== Exercise brief ==
Print the line that contains "Son of Frederic", then every line after it until the entries end, exactly as they read; do not include pictures.

Stored entries
⟨

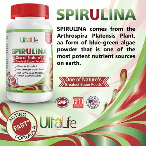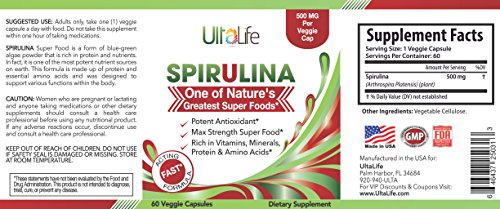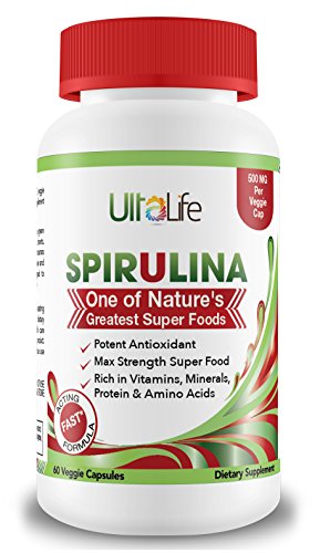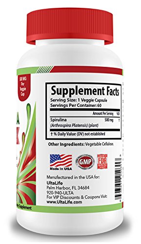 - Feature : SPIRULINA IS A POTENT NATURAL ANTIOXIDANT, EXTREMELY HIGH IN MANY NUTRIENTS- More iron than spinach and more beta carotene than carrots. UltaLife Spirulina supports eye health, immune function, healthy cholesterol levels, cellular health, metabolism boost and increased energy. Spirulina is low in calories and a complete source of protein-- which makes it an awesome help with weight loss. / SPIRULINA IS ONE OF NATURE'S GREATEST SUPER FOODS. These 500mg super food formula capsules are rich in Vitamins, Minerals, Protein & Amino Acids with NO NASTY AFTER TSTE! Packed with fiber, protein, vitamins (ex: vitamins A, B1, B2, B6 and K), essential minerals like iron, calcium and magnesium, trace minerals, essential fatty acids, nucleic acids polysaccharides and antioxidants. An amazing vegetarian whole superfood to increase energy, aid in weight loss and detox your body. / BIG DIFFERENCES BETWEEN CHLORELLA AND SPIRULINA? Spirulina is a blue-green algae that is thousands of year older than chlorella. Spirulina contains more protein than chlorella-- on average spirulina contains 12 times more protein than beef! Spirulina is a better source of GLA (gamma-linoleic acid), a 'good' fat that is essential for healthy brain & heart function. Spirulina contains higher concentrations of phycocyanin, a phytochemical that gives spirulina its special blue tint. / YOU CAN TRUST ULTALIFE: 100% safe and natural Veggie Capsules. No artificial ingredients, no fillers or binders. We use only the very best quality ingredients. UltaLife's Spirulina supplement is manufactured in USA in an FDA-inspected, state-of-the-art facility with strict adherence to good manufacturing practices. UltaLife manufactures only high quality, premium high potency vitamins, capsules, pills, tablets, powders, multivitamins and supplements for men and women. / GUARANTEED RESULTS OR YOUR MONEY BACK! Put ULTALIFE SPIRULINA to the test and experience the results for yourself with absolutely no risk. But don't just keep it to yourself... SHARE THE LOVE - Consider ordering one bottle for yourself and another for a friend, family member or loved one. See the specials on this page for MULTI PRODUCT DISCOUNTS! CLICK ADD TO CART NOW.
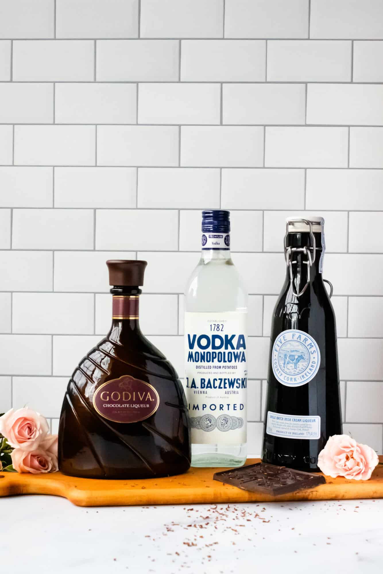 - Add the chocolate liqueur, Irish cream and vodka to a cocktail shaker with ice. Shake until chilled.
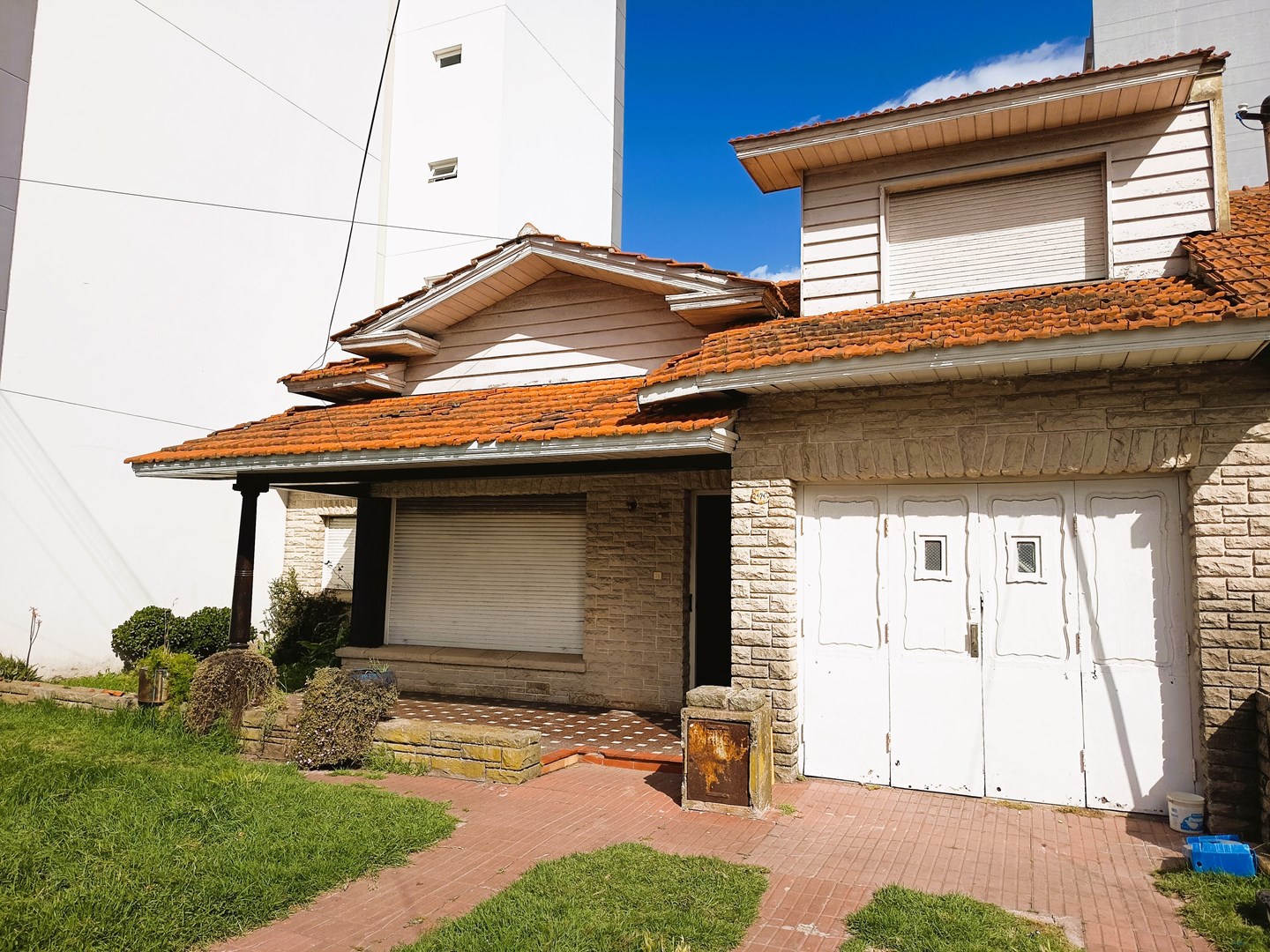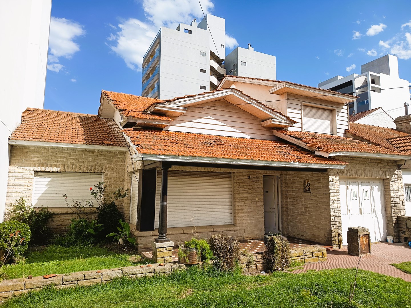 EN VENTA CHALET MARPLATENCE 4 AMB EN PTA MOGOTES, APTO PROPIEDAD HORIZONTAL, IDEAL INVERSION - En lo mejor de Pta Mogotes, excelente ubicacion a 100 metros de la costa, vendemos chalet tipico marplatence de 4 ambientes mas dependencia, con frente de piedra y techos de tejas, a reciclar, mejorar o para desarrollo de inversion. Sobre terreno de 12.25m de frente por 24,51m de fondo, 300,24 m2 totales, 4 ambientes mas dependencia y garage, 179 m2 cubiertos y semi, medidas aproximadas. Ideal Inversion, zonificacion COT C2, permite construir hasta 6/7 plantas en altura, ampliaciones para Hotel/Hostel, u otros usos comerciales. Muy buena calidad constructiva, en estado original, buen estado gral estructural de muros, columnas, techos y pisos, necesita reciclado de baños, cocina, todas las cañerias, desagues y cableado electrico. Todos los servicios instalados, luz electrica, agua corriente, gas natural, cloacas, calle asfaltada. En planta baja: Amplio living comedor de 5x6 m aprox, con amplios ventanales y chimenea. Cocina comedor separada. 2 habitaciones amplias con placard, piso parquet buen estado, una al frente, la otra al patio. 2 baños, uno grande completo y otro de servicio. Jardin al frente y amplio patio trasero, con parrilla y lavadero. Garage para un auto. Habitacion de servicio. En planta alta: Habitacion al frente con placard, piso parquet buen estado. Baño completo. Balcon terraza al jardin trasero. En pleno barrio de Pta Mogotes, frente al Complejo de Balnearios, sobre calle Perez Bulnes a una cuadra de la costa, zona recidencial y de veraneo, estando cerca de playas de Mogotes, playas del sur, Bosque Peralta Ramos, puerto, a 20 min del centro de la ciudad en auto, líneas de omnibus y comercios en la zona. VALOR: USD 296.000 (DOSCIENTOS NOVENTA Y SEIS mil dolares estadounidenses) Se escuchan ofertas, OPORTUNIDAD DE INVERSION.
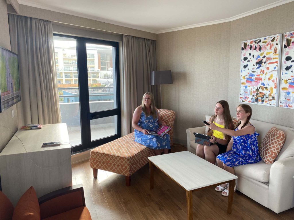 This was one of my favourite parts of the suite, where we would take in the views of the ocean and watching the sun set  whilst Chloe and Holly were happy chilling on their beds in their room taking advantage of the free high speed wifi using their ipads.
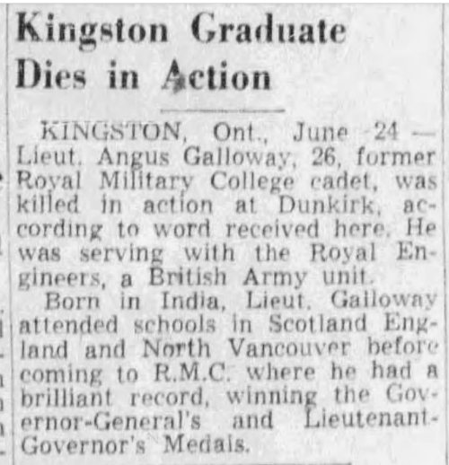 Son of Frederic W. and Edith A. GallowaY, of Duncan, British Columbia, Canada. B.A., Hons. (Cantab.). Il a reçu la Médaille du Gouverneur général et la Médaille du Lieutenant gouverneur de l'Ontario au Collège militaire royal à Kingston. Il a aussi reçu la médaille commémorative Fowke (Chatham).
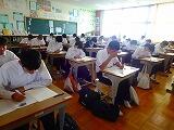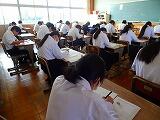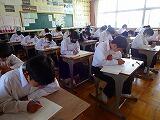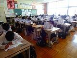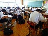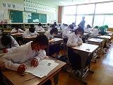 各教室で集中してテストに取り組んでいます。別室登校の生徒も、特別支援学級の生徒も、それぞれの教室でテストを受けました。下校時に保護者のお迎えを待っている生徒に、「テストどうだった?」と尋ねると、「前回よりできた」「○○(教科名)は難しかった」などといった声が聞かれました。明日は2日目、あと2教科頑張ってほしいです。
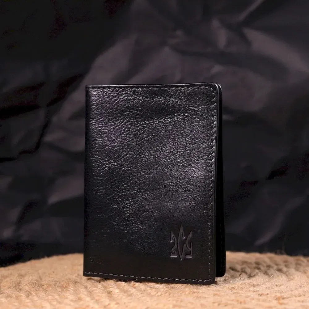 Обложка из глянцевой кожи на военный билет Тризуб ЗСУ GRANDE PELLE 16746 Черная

⟩

== Result ==
 Son of Frederic W. and Edith A. GallowaY, of Duncan, British Columbia, Canada. B.A., Hons. (Cantab.). Il a reçu la Médaille du Gouverneur général et la Médaille du Lieutenant gouverneur de l'Ontario au Collège militaire royal à Kingston. Il a aussi reçu la médaille commémorative Fowke (Chatham).
 各教室で集中してテストに取り組んでいます。別室登校の生徒も、特別支援学級の生徒も、それぞれの教室でテストを受けました。下校時に保護者のお迎えを待っている生徒に、「テストどうだった?」と尋ねると、「前回よりできた」「○○(教科名)は難しかった」などといった声が聞かれました。明日は2日目、あと2教科頑張ってほしいです。
 Обложка из глянцевой кожи на военный билет Тризуб ЗСУ GRANDE PELLE 16746 Черная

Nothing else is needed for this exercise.